Please output the listing that follows exactly, but keep all images out.

SOURCE MATERIAL:
--- START ---
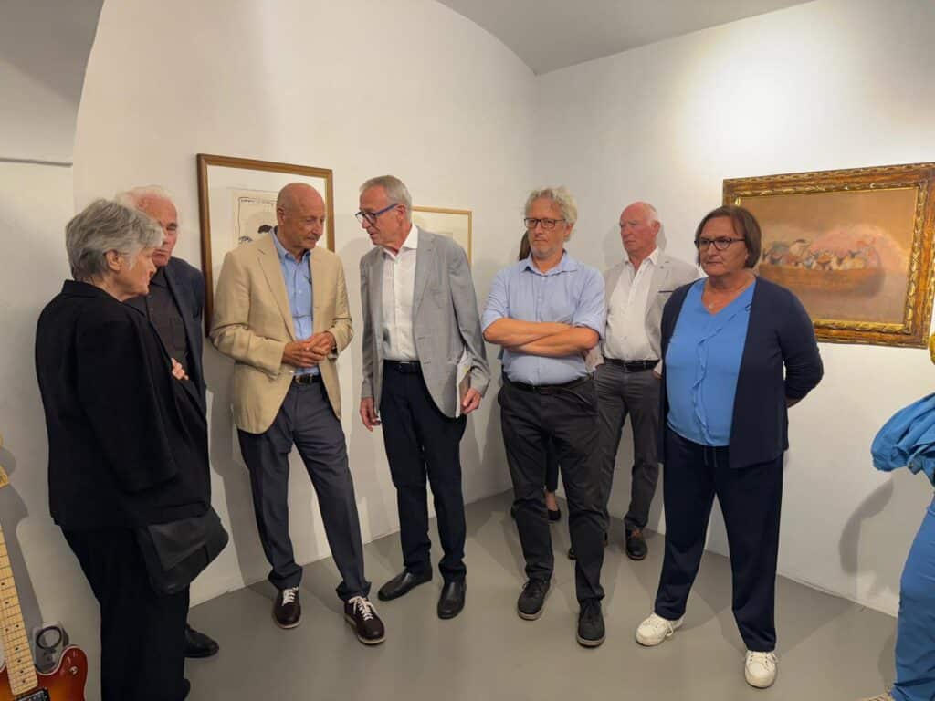 Zur Vernissage am 1. August 2025 begrüßten die beiden Kuratoren zahlreiche Gäste und gaben Einblick in Leben und Werk von Zoran Mušič, der auch im kärntnerischen Griffen gelebt hat. Besonders Siegbert Metelko stellte in seiner Einführung prägnant die Verbindung zwischen Mušičs Biografie, seinem künstlerischen Schaffen und der gewählten Motivik heraus.
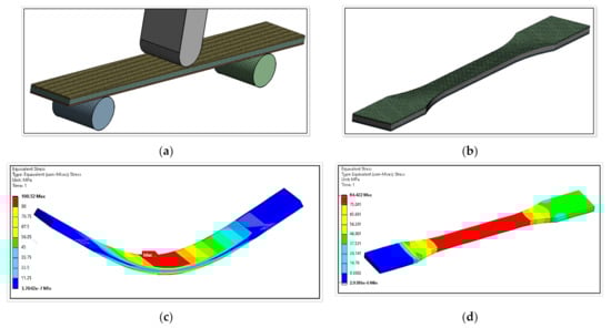 Finite element analysis: (a) FEA model—three-point bending test; (b) FEA model—tensile test; (c) equivalent stress distribution of composite sandwich subjected to three-point bending load; (d) equivalent stress distribution of the composite sandwich subjected to tensile load.
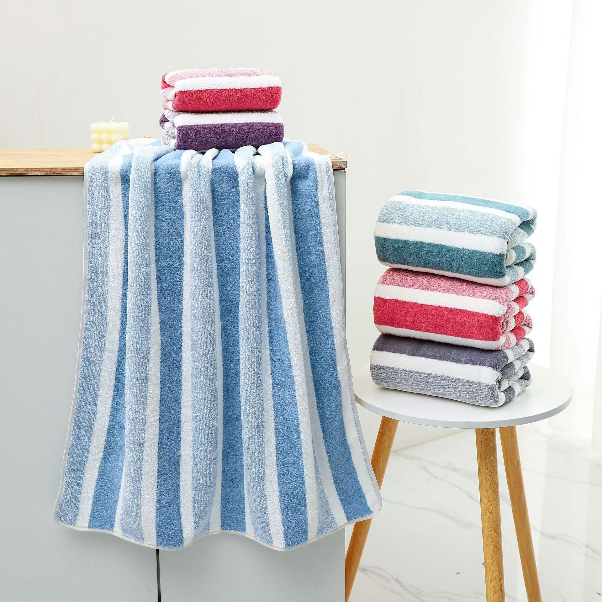 コーラルベルベットタオル、越境配送、経編バスローブセット、厚手吸水性、幅広カラーストライプ、柔らかい家庭用フェイスタオル
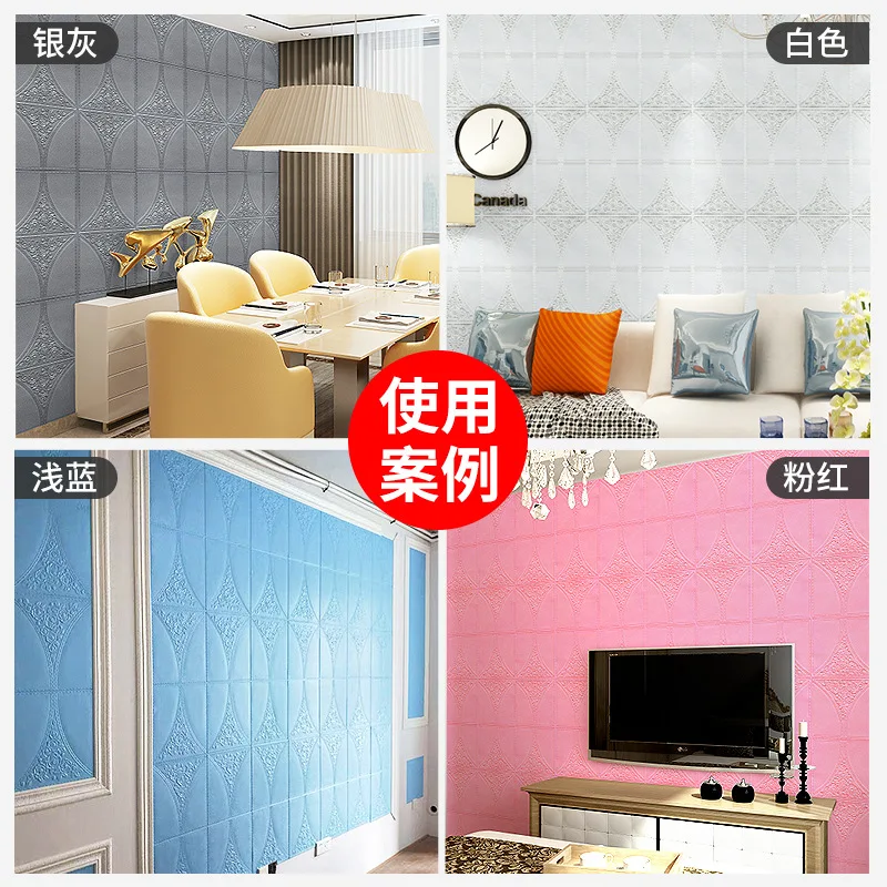 По сравнению с обоями, это безопасный, экологически чистый, нетоксичный и безвкусный, мягкий материал, 3D-эффект, сделай сам, самоклеящийся, простой в установке, случайный коллаж и произвольная резка. Он обладает лучшим шумоподавлением, звукоизоляцией, защитой от столкновений, легкой чисткой, влагостойкими и стойкими к плесени эффектами.
--- END ---
WORKED SOLUTION:
 Zur Vernissage am 1. August 2025 begrüßten die beiden Kuratoren zahlreiche Gäste und gaben Einblick in Leben und Werk von Zoran Mušič, der auch im kärntnerischen Griffen gelebt hat. Besonders Siegbert Metelko stellte in seiner Einführung prägnant die Verbindung zwischen Mušičs Biografie, seinem künstlerischen Schaffen und der gewählten Motivik heraus.
 Finite element analysis: (a) FEA model—three-point bending test; (b) FEA model—tensile test; (c) equivalent stress distribution of composite sandwich subjected to three-point bending load; (d) equivalent stress distribution of the composite sandwich subjected to tensile load.
 コーラルベルベットタオル、越境配送、経編バスローブセット、厚手吸水性、幅広カラーストライプ、柔らかい家庭用フェイスタオル
 По сравнению с обоями, это безопасный, экологически чистый, нетоксичный и безвкусный, мягкий материал, 3D-эффект, сделай сам, самоклеящийся, простой в установке, случайный коллаж и произвольная резка. Он обладает лучшим шумоподавлением, звукоизоляцией, защитой от столкновений, легкой чисткой, влагостойкими и стойкими к плесени эффектами.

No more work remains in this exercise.